[Stored data]
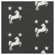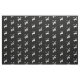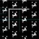 "Sable, un caballo de riña regular sobresaliente entre en jefe dos mulas argentes." Patrón de alamante de una insignia popular para el Reino de los Médicos en la Sociedad para el Anacronismo Creativo.
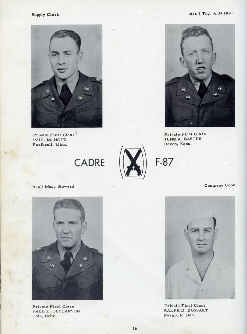 1951 Fort Riley Kansas 10th Infantry Division, Page 16: Private First Class Paul M. Hope, Private First Class June A. Easter, Private First Class Paul L. Gustafson, Private First Class Ralph D. Bossart.
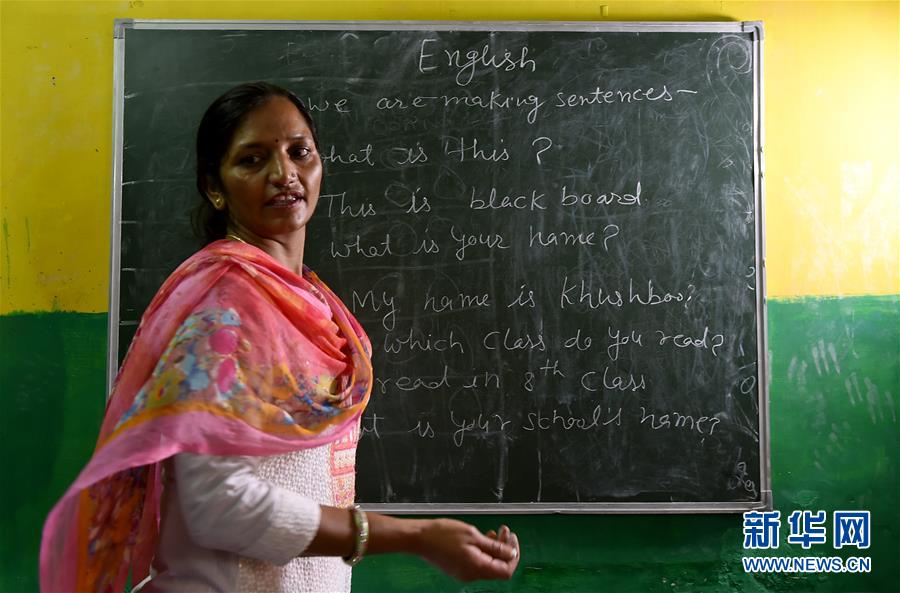 9月8日,在印度首都新德里地区一所社区文化学校,教师在讲英文课。 新华社记者 张迺杰 摄
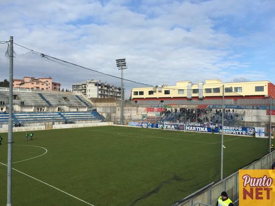 Alla vigilia il timore di una batosta è fondato. Il Martina viene da un buon periodo, il Catanzaro è ridotto ai minimi termini dopo lo smantellamento della squadra costruita in estate e l’esiguo numero di acquisti. Sanderra ha gli uomini contati e deve buttare subito nella mischia i due volti nuovi Zappacosta e Giandonato, mentre Squillace resta in panchina e Russotto in tribuna, ancora fermo per infortunio.
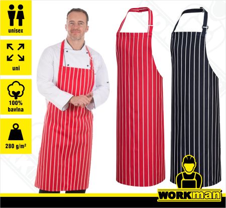 Popis: Profesionálna a štýlová mäsiarska zástera vyrobená z odolnej bavlny. Jednoduché šnurovanie.

ASSIGNED TASK: Set down exactly the lines from the start of the records through the line containing "9月8日,在印度首都新德里地区一所社区文化学校,教师在讲英文课。 新华社记者 张迺杰 摄", both included, and omit the pictures.

YOUR RESPONSE:
 "Sable, un caballo de riña regular sobresaliente entre en jefe dos mulas argentes." Patrón de alamante de una insignia popular para el Reino de los Médicos en la Sociedad para el Anacronismo Creativo.
 1951 Fort Riley Kansas 10th Infantry Division, Page 16: Private First Class Paul M. Hope, Private First Class June A. Easter, Private First Class Paul L. Gustafson, Private First Class Ralph D. Bossart.
 9月8日,在印度首都新德里地区一所社区文化学校,教师在讲英文课。 新华社记者 张迺杰 摄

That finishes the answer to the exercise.